Hopefully the clarifies a bit on why in the first instance (wrt $\theta_0$) I wrote "just a number," and in the second case (wrt $\theta_1$) I wrote "just a number, $x^{(i)}$. While it's true that $x^{(i)}$ is still "just a number", since it's attached to the variable of interest in the second case it's value will carry through which is why we end up at $x^{(i)}$ for the result.
Best Answer
For the most general case, think about a mixing board.
Each input argument to the function is represented by a slider with an associated piece of a real number line along one side, just like in the picture. If you are thinking of a function which can accept arbitrary real number inputs, the slider will have to be infinitely long, of course, which of course is not possible in real life, but is in the imaginary, ideal world of mathematics. This mixing board also has a dial on it, which displays the number corresponding to the function's output.
The partial derivative of the function with respect to one of its input arguments corresponds to how sensitive the readout on the dial is if you wiggle the slider representing that argument just a little bit around wherever it's currently set - that is, how much more or less dramatic the changes in what is shown are compared to the size of your wiggle. If you wiggle a slider by, say, 0.0001, and the value changes by a factor 0.0002, the partial derivative with respect to that variable at the given setting is (likely only approximately) 2. If the value changes in an opposite sense, i.e. goes down when you move the slider up, the derivative is negative.
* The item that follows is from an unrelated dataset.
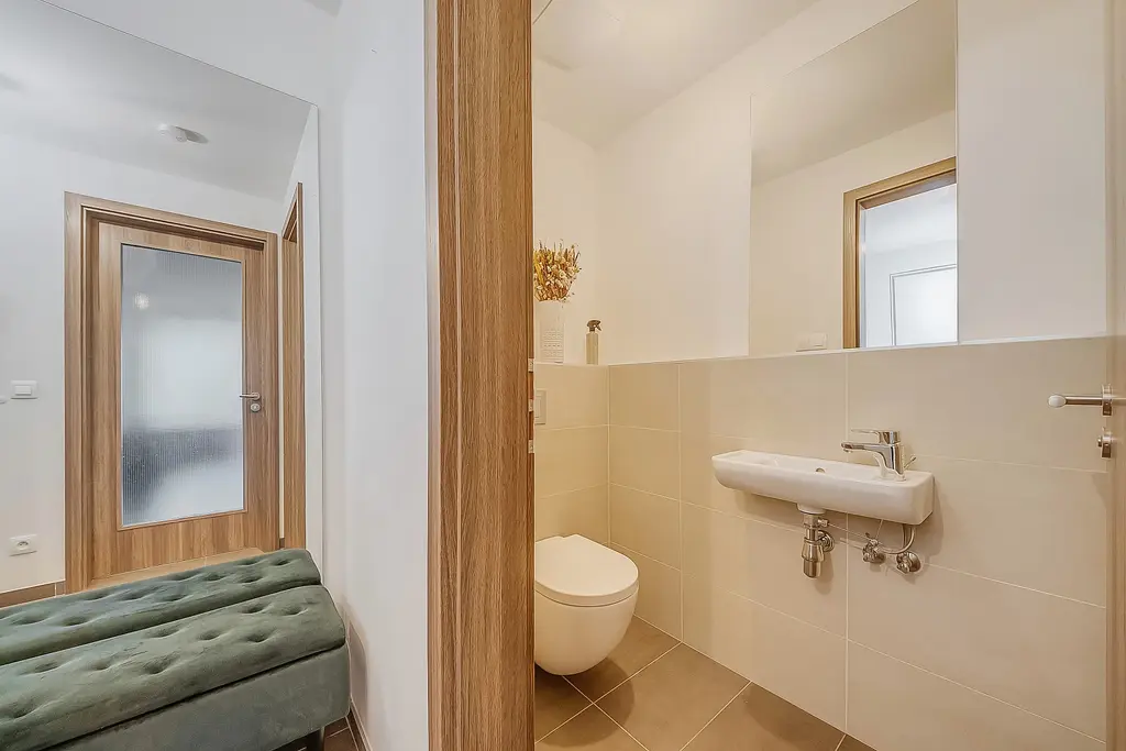 This beautiful apartment is located on the 11th floor of a new building in the sought-after developing area in Prague 3. A limited number of apartments per floor provide a good privacy and tranquility. A parking space for your car is located on the ground floor with easy access, so you don't have to spend time navigating narrow underground passageways. Right next to the parking space you will find a cellar - 4 m² for seasonal items or sports equipment and easy access to the elevator.

The gradient, then, is the ordered list of signed proportions by which you have to "wiggle" all the sliders so as to achieve the strongest possible, but still small, positive wiggle in the value on the dial. This is a vector, because you can think of vectors as ordered lists of quantities for which we can subject to elementwise addition and elementwise multiplication by a single number.
And of course, when I say "small" here I mean "ideally small" - i.e. "just on the cusp of being zero" which, of course, you can make formally rigorous in a number of ways, such as by using limits.